After the war he led in the formation of the International Union of Crystallography and was elected its first president. He reorganised the Cavendish into units to reflect his conviction that "the ideal research unit is one of six to twelve scientists and a few assistants, helped by one or more first-class instrument mechanics and a workshop in which the general run of apparatus can be constructed." Senior members of staff now had offices, telephones and secretarial support. The scope of the department was enlarged with a new unit on radio astronomy. His own work focused on the structure of metals, using both X-rays and the electron microscope. In 1947 he persuaded the Medical Research Council (MRC) to support what he described as the "gallant attempt"  to determine protein structure as the Laboratory of Molecular Biology, initially consisting of Perutz, John Kendrew and two assistants. Bragg worked with them, by 1960 they had resolved the structure of myoglobin to the atomic level.  After this he was less involved; their analysis of haemoglobin was easier after they incorporated two mercury atoms as markers in each molecule. The first monumental triumph of the MRC was decoding the structure of DNA by James Watson and Francis Crick. Bragg announced the discovery at a Solvay conference on proteins in Belgium on 8 April 1953, it went unreported by the press. He then gave a talk at Guy's Hospital Medical Schoolin London on Thursday 14 May 1953, which resulted in an article by Ritchie Calder in the News Chronicle of London on Friday 15 May 1953, entitled "Why You Are You. Nearer Secret of Life". Bragg nominated Crick, Watson and Maurice Wilkins for the 1962 Nobel Prize in Physiology or Medicine; Wilkins' share recognised the contribution of X-ray crystallographers at King's College London. Among them was Rosalind Franklin, whose "photograph 51" showed that DNA was a double helix, not the triple helix that Linus Pauling had proposed. Franklin died before the prize (which only goes to living people) was awarded.
The Royal Institution 1954–1971
In 1953 the Braggs moved into the elegant flat for the Resident Professor in the Royal Institution in London, the position his father had occupied when he died. In 1934 and 1961 Lawrence had delivered the Royal Institution Christmas Lectureand since 1938 he had been Professor of Natural Philosophy in the Institution, delivering an annual lecture. His father's successors had weakened the Institution, so Bragg had to rebuild it. He bolstered finances by enlisting corporate sponsors, the traditional Friday Evening Discourses were followed by a dinner party for the speaker and carefully selected possible patrons, more than 120 of them each year. "Two of these Discourses in 1965 gave him particular pleasure. On 7 May, Lady Bragg, who had been a member of the Royal Commission on Marriage and Divorce (1951–55) and was Chairman of the National Marriage Guidance Council, lectured on 'Changing patterns in marriage and divorce'; and on 15 November, Bragg listened with evident pride to the Discourse on 'Oscillations and noise in jet engines' given by his engineer-son Stephen, who was then Chief Scientist at Rolls-Royce Ltd and later became Vice-Chancellor of Brunel University." He also introduced a programme of highly regarded Schools' Lectures, enlivened by the elaborate demonstrations that were a hallmark of the Institution. He gave three of these lectures on "electricity".

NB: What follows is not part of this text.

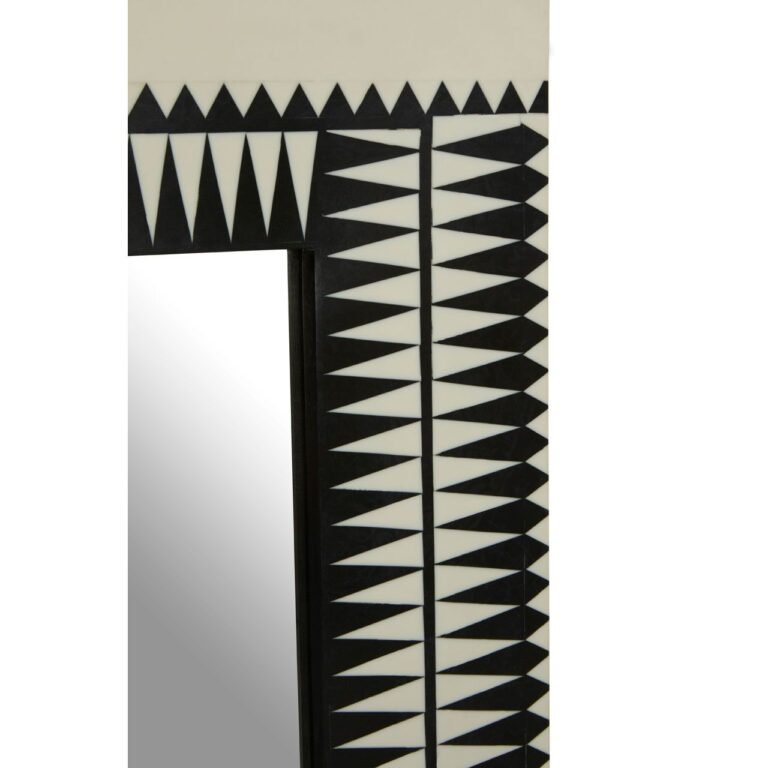 The Borough Wall Mirror frame is decorated by a geometric, tribal-style pattern comprised of slender black and white triangles.

He continued research in the Institution by recruiting a small group to work in the Davy-Faraday Laboratory in the basement and in the adjoining house, supported by grants he obtained. A visitor to the laboratory succeeded in inserting heavy metals into the enzyme lysozyme; the structure of its crystal was solved in 1965 at the Royal Institution by D. C. Phillips and his coworkers, with the computations on the 9,040 reflections performed on the digital computer at the University of London, which greatly facilitated the work.  Two of the illustrations of the positioning of amino acids in the chain were drawn by Bragg. Unlike myoglobin, in which nearly 80 per cent of the amino-acid residues are in the alpha-helix conformation, in lysozyme the alpha-helix content is only about 40 per cent of the amino-acid residues found in four main stretches. Other stretches are of the 310 helix, a conformation that they had proposed earlier. In this conformation, every third peptide is hydrogen-bonded back to the first peptide, thus forming a ring containing ten atoms. They had the complete structure of an enzyme in time for Bragg's 75th birthday. He became Professor Emeritus in 1966.
X-ray analysis of protein structure flourished in subsequent years, determining the structures of scores of proteins in laboratories around the world. Twenty eight Nobel Prizes have been awarded for work using X-ray analysis. The disadvantage of the method is that it must be done on crystals, which precludes seeing changes in shape when enzymes bind substrates and the like. This problem was solved by the development of another line Bragg had initiated, using modified electron microscopes to image single frozen molecules: cryo-electron microscopy.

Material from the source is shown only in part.